What You Need to Know
About Total Hip Replacement

Steven Heil, MD
Kristine Steele, PA-C

Hip replacement surgeries are one of the great medical advances of the 20th century. It is performed for patients who are experiencing end stage arthritis of the hip. Most patients will have groin and buttock pain with activities. This pain may radiate all the way to the knee. X-rays will show complete loss of cartilage in the hip joint. The usual reason to choose to have a hip replacement is the inability to do normal activities.

Health Care decisions to consider before the Surgery
A hip replacement is a major surgery. People with health issues should first see their primary care doctor and possibly even a specialist such as a cardiologist to make sure they are healthy enough and that all of their medical conditions are optimized. Dental work is discouraged for 6 months after surgery, so we suggest having a dental check-up prior to surgery. The local hospitals have preoperative classes for joint replacements surgery that we highly recommend patients attend. Additionally if you have been inactive we recommend a few sessions of physical therapy prior to surgery to strengthen your muscles and build endurance.

Infection is a feared complication of this surgery. Most infections actually come from bacteria that are growing on the patient prior to surgery. For this reason we have our patients do a special scrub to their surgical site and use an antibiotic nasal gel for several days before the operation. Other things that have been shown to increase the risk of infection are obesity, poorly controlled diabetes and smoking.

Day of the surgery
Patients come in the morning of the surgery to start preparations for the procedure. An IV is started and you will meet with the anesthesiologist. Almost all our patients have a spinal anesthetic. This has been shown to reduce blood clots, bleeding and infections as compared with general anesthesia. During surgery, if your health will allow, the anesthesiologist will sedate you and most patients sleep through the operation.

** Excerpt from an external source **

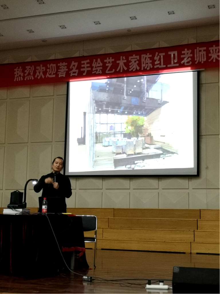 本次报告,为环境设计专业的员工开启了学习手绘的新篇章;为考研的学子点亮了前进的灯塔。艺术楼展厅陈列的陈红卫老师手绘作品,为全院师生提供了丰富的学习、临摹蓝本。
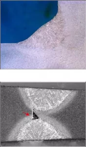 اولین ماکروگرافی زیر یک قطعه جوش خورده با پرکننده قابل قبول را با نفوذ فلز کافی پایه نشان می دهد. مایکروگرافی دوم عدم نفوذ به ریشه در یک اتصال دو جوش نشان داده شده، و سومین تصویر نشان دهنده عدم نفوذ به یکی از اعضای اتصال است. تصویر نهایی طرح دیگری از تغییرات نفوذ ریشه ناقص و ظاهر آن در یک فیلم رادیوگرافی (رادیوگرافی) را نشان می دهد.

Components of the Hip Replacement
The surgery takes about one and a half hours. The hip replacement hardware consists of four components. There is a titanium shell that goes into the hip socket, also known as the acetabulum. Then a titanium stem is placed down the femur after the hip ball is removed. This is called the femoral stem. These are both covered with a special porous surface that the surrounding bone can grow into. There is a plastic liner that inserts into the acetabulum shell. It is made out of specially treated polyethylene, the same slippery material that milk jugs are made of. The femoral stem is capped with a ball called the femoral head that articulates with the plastic socket. It is made out of either a super strong steel alloy or ceramic. This allows us to change the liner and ball if they should wear out without removing the parts that your body has grown into.

Total Hip Replacement

Method of procedure
Dr. Heil uses a mini posterior approach. This goes behind the major muscles of the hip and only requires detaching one small tendon that is repaired at the end of the operation. This technique allows immediate weight bearing with a very quick recovery. Most patients go home in one to three days after surgery. This technique is used because it allows the doctor to get the components in the right position with minimal bleeding and a very low complication rate. We have a very low dislocation rate. Post operatively we have the patients avoid extreme positions for six weeks after surgery. After that there are no long term restrictions. Dr. Heil has tried other techniques but continues with this approach as the safest most reliable way to do a hip replacement.

Post Operation
After surgery you will go to the recovery room for about an hour prior to going to the orthopaedic floor of the hospital. Most patients are able to get out of bed, walk and go to the bathroom the day of surgery. Oral pain medications are started. All patients will be given medication for the prevention of blood clots. Most patients can just take 325 mg of aspirin daily to prevent blood clots. Patients that are at a higher risk because of prior blood clots or pulmonary embolisms are treated with a stronger oral or injectable blood thinner. A physical therapist will evaluate your needs and design your post-surgical therapy to address your lifestyle when you get back home. If you have stairs or other challenges at home they will make sure you can safely do those things prior to discharge.

Geriatric patients
Some elderly patients will need more then several days of rehab. One option is having a home health physical therapist come to your house after discharge. Another option, especially for those without much help at home, is going to one of the local nursing homes for rehabilitation. This is usually covered by Medicare.

At home
After surgery the best way to rehabilitate is to walk. Most patients go home with a walker. Most will then transition to a cane in a week or so. Most active patients are able to walk a mile at six weeks after surgery.


Sometime it is hard to find unbiased information. There are two organizations that have excellent information on the internet. Dr. Heil belongs to both of these organizations. They are:
The American Association of Orthopaedic Surgeons located at www.orthoinfo.org, and
The American Association of hip and knee surgeons located at www.aahks.org/care-for-hips-and-knees/.